As described above, according to the cyclone type multi-stage dust collecting apparatus of the present invention, the dust is completely removed from the dust-containing gas discharged from the waste gas treatment device, whereby the purified gas can be discharged to the outside, It is possible to improve the efficiency by performing the dust removal continuously without interrupting the process, thereby having an advantage that the process cost is lowered.

Claims (6)

A gas inlet pipe communicating with the waste gas treatment device and branched at a predetermined portion; A main cyclone and an auxiliary cyclone communicated with the branch gas inflow pipe, respectively; A collecting tank communicating independently with the lower portion of the main cyclone and the auxiliary cyclone; A blower communicating with an upper portion of the main cyclone and the auxiliary cyclone through a mixing tube; Wherein the main cyclone and the auxiliary cyclone are composed of at least two serially connected cyclones, and the main cyclone and the auxiliary cyclone each comprise a selection means for allowing only one of the main cyclone and the auxiliary cyclone to operate. Dust collector. The apparatus of claim 1, wherein the selecting means comprises: powder detecting means formed in the collecting tank; A main inflow opening and closing valve provided on the gas inflow pipe and the infusion pipe; And a controller for controlling the opening and closing of the main and auxiliary opening / closing valves in response to the detection signal from the powder detecting means. 2. The apparatus according to claim 1, wherein the selecting means comprises: a primary inlet and a secondary opening / closing valve disposed on the gas inlet pipe and the sheath pipe; Wherein the dust collecting tank is a transparent window formed on a front surface of the collecting tank.

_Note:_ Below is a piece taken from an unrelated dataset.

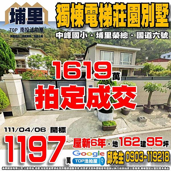 1110406 南投縣埔里鎮榮光路12號 獨棟電梯莊園別墅 中峰國小 埔里榮總 國道六號 TOP法拍屋 承明法拍屋

The multi-stage cyclone-type dust collector according to claim 2 or 3, wherein the on-off valve is an air valve. The multi-stage cyclone-type dust collector according to claim 1, further comprising a filter dust removing device for removing dust from the blower gas inflow filter. The apparatus according to claim 5, wherein the filter dust removing device comprises: a first injector for injecting compressed air toward the filter; a second injector for injecting compressed air toward the merging engine; And the valve is constituted by a valve.